By Kenzie Love
Black Women Professional Co-operative (BWP Co-op) is a multi-stakeholder co-op that aims to empower women professionals and entrepreneurs to operationalize their businesses and scale up products and services to mainstream local channels and international markets. Founded in March 2020 by ten Black women professionals, the Co-op was formally incorporated in 2024.
Ada Iwenofu, the Co-op’s Director of Business Operations, says the multi-stakeholder model was a logical fit for the founders’ mission of building resilient, healthy and thriving communities.
“The reason why we wanted to do this was to create intergenerational wealth within our communities,” she says. “And the best way to do that was to come together in solidarity and cooperation to ensure that that happens.”
The Co-op’s members encompass a wide range of producers and service providers. The common factor, Iwenofu says, is the recognition that the whole they’ve created is greater than the sum of its parts. Guided by principles including the power of community and people-centricity and partnerships towards shared prosperity, the Co-op offers access to resources, professional development, business opportunities, and financial benefits, things that would be harder to obtain on one’s own.
“Usually in our community when you come together, you achieve more,” Iwenofu observes.
Iwenofu acknowledges that the Co-op model has its challenges as well, among them a more complex decision-making process.
“Every decision we have to make, everybody has to align, there has to be a consensus,” she says. “So I find that challenging as opposed to where if I alone have to make a decision, I just make the decision.”

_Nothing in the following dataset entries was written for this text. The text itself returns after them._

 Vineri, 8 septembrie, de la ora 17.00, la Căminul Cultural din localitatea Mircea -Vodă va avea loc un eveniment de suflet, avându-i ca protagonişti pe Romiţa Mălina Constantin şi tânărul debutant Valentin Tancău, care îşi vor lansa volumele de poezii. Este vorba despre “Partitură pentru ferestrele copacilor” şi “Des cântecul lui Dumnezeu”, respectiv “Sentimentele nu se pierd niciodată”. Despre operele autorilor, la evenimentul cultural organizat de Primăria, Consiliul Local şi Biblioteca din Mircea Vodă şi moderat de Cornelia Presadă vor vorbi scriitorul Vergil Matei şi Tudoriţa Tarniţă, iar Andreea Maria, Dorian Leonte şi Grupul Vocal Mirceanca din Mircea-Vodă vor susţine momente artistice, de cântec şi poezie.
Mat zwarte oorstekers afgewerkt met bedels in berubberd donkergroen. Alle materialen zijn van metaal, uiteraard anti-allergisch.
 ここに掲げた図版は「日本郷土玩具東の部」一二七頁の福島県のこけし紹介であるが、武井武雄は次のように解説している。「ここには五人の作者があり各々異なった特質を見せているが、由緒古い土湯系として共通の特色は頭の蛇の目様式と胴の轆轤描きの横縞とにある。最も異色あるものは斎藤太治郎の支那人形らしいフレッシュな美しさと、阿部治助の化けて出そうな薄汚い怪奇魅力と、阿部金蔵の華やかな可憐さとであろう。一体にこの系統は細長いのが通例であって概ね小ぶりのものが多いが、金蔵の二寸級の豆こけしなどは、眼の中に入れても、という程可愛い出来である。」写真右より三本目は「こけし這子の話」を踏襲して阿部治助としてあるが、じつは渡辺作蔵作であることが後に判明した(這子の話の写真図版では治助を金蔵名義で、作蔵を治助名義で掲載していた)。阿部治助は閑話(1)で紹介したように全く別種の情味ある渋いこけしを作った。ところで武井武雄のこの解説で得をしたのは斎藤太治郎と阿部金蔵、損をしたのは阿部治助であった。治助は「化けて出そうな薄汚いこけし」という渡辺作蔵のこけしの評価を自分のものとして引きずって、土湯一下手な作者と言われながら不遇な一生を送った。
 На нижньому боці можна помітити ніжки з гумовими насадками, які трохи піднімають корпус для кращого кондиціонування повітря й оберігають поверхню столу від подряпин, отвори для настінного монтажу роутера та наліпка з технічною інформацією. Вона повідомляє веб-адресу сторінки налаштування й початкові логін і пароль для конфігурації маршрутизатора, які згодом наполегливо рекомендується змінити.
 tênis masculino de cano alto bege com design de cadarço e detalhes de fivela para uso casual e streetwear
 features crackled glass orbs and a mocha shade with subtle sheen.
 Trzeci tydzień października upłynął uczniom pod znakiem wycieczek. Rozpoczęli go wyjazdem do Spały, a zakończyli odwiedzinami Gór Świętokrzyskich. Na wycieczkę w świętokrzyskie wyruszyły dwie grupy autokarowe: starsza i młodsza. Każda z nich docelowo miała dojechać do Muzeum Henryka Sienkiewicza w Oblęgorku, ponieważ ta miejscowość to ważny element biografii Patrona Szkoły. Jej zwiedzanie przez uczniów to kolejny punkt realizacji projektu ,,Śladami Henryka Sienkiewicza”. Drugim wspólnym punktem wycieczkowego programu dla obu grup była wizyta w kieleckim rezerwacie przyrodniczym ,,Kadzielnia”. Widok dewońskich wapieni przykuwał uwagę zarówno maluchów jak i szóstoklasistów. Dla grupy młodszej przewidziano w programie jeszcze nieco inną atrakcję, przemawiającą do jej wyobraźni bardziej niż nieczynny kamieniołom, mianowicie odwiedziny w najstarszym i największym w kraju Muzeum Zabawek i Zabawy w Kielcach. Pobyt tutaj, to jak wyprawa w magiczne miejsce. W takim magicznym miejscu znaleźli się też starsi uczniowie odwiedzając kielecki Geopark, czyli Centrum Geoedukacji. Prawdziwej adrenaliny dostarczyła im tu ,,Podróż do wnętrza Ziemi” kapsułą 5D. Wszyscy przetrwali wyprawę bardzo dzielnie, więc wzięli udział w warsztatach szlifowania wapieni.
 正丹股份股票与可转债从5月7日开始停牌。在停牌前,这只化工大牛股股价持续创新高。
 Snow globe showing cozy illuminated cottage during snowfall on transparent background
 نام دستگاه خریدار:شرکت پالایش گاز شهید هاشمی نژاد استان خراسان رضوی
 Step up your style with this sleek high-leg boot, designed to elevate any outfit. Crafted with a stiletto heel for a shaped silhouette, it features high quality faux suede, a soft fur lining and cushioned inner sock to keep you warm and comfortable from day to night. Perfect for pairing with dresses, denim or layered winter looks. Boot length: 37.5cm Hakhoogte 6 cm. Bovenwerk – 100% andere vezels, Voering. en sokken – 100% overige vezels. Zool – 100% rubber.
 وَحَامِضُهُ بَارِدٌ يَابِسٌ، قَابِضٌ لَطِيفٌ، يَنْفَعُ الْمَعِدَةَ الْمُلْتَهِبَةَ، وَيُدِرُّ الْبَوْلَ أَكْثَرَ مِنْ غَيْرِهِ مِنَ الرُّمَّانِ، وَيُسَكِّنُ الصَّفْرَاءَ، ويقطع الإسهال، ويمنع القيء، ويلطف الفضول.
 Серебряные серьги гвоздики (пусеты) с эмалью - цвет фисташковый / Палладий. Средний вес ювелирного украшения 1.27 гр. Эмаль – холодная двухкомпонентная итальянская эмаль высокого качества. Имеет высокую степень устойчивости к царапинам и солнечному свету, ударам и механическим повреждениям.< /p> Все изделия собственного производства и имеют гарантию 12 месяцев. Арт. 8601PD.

Despite the fact that consensus decision making sometimes slows things down, Iwenofu believes the shared knowledge and experience BWP Co-op’s members benefit from makes the model worth it.
“It can be challenging trying to do it on your own,” she says. “But when you have other people doing something similar and they can support you, especially when you’re starting up, that support is good.”
BWP Co-op has set some goals for the future, such as continuing to build its online marketplace, welcoming more members, and purchasing a commercial kitchen for its members in the food industry to use. Its members envision a world of shared prosperity, equity and dignity, where Black women work together in solidarity to increase economic opportunities and transform their communities through cooperative economics.